======== Extracted information

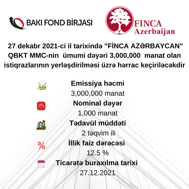 Birjanın yaydığı məlumata görə, 27 dekabr 2021-ci il tarixində "FİNCA AZƏRBAYCAN" QBKT MMC-nin istiqrazlarının yerləşdirilməsi Bakı Fond Birjasında birqiymətli hərrac üsulu ilə həyata keçiriləcəkdir.
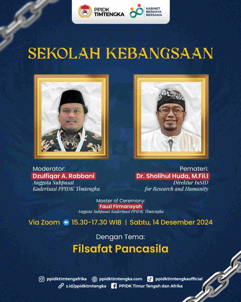 Dalam rangka sistematisasi perkaderan, Perhimpunan Pelajar Indonesia Dunia Kawasan Timur Tengah dan Afrika (PPIDK Timtengka) mengadakan Forum Sekolah Kebangsaan pada hari Sabtu (14/12/2024).
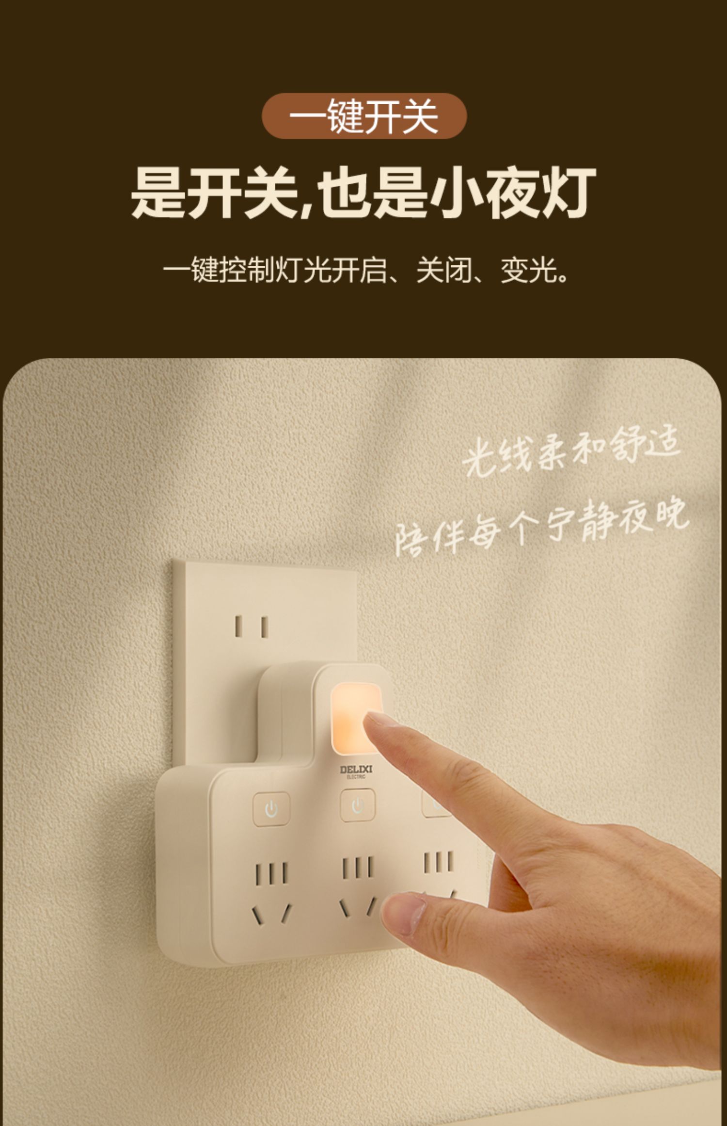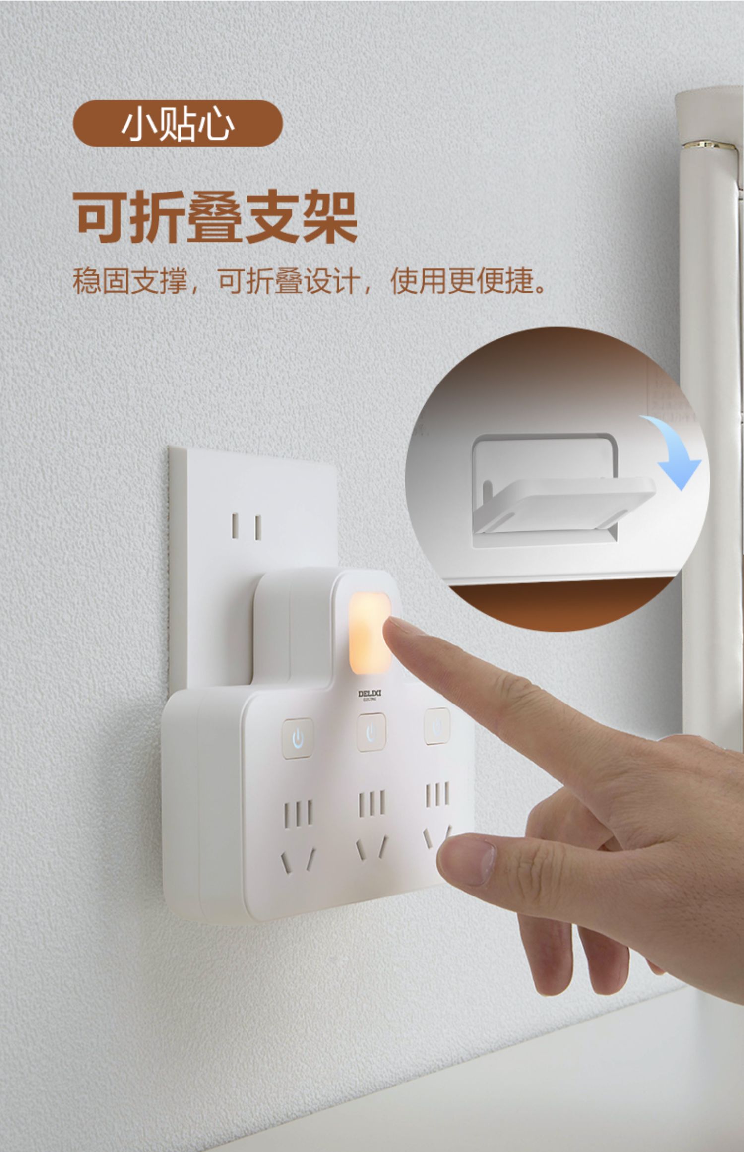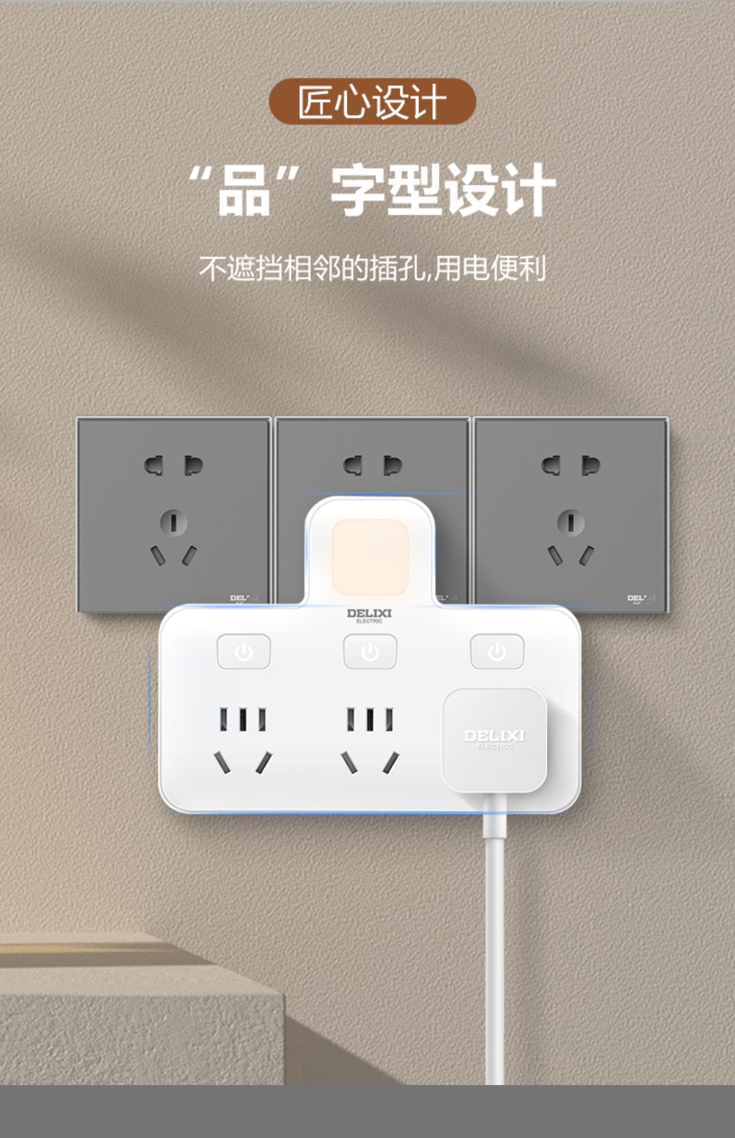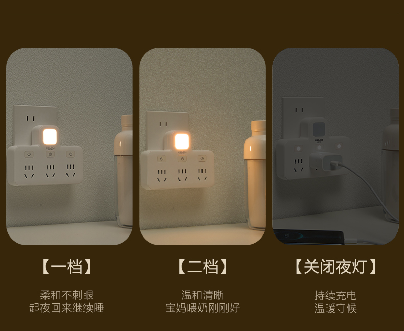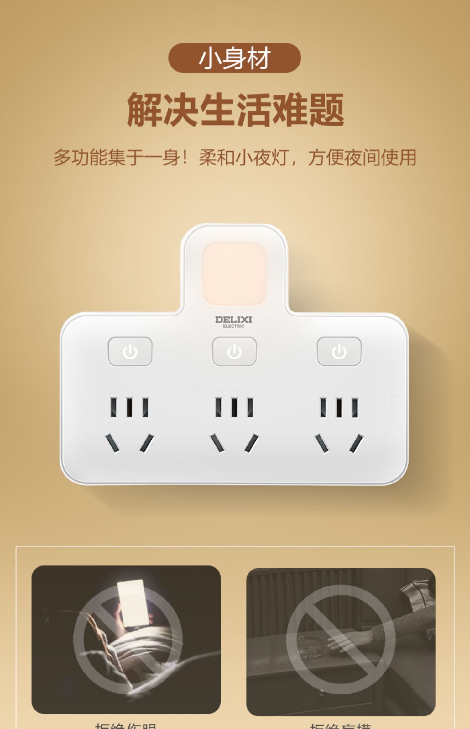 德力西CD98Z-B系列小夜灯品字形电插排CD98Z-B3K3XD/P
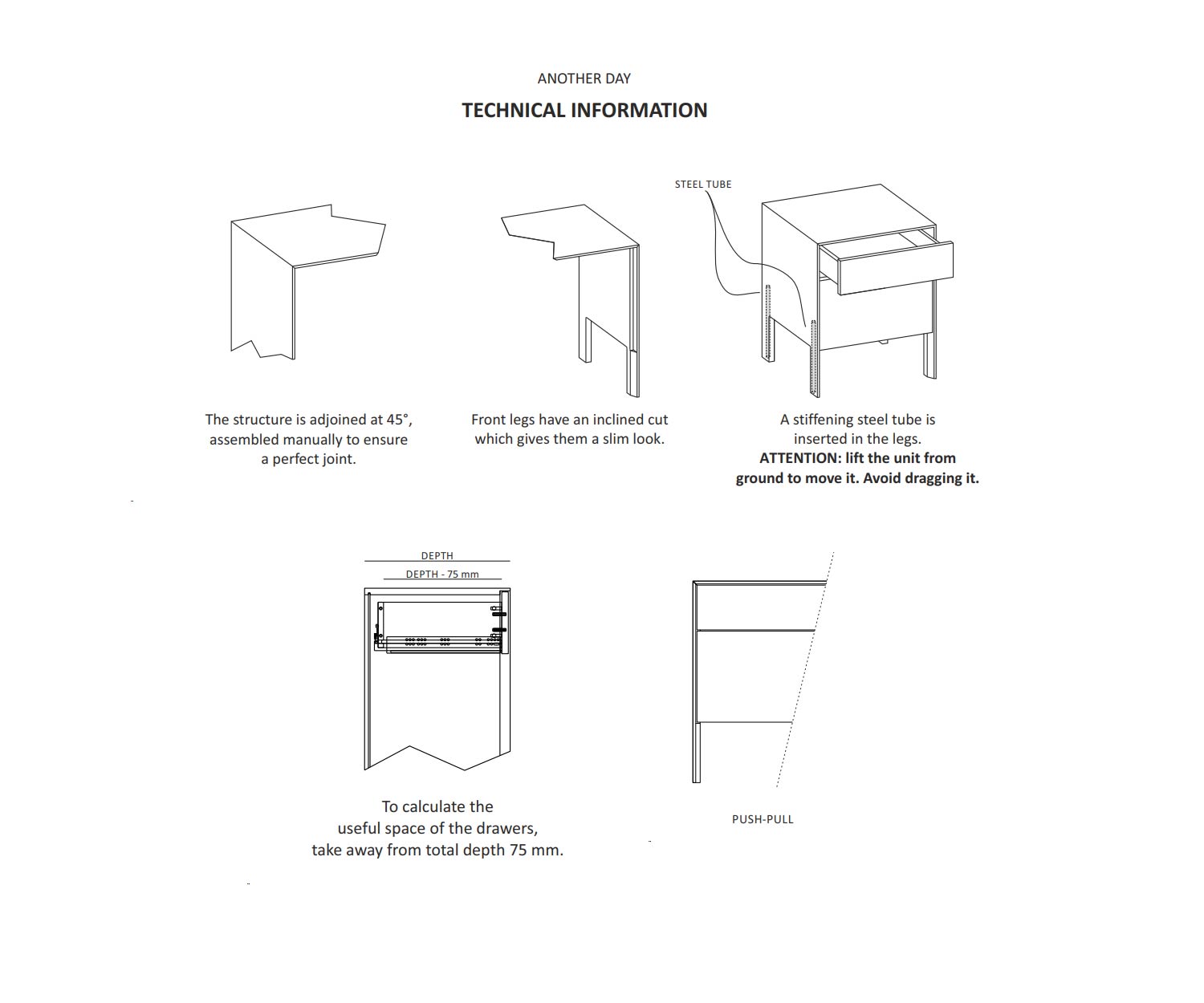 La struttura della cassettiera Another Day è unita con un angolo di 45 gradi, che non solo garantisce un aspetto estetico gradevole, ma aumenta anche la stabilità del mobile. Questa lavorazione precisa garantisce un collegamento perfetto che offre resistenza e qualità al tatto.
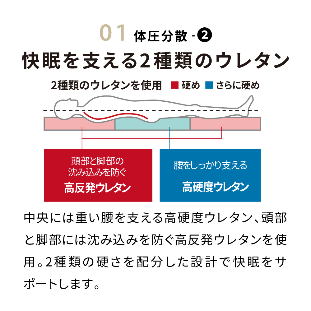 しっかり硬めのサポートで毎日の快眠を支えます。

================

Exercise instructions: Extract exactly the lines from the one containing "La struttura della" through the last line of the records above, both included, and leave out the pictures.

Result of the task:
 La struttura della cassettiera Another Day è unita con un angolo di 45 gradi, che non solo garantisce un aspetto estetico gradevole, ma aumenta anche la stabilità del mobile. Questa lavorazione precisa garantisce un collegamento perfetto che offre resistenza e qualità al tatto.
 しっかり硬めのサポートで毎日の快眠を支えます。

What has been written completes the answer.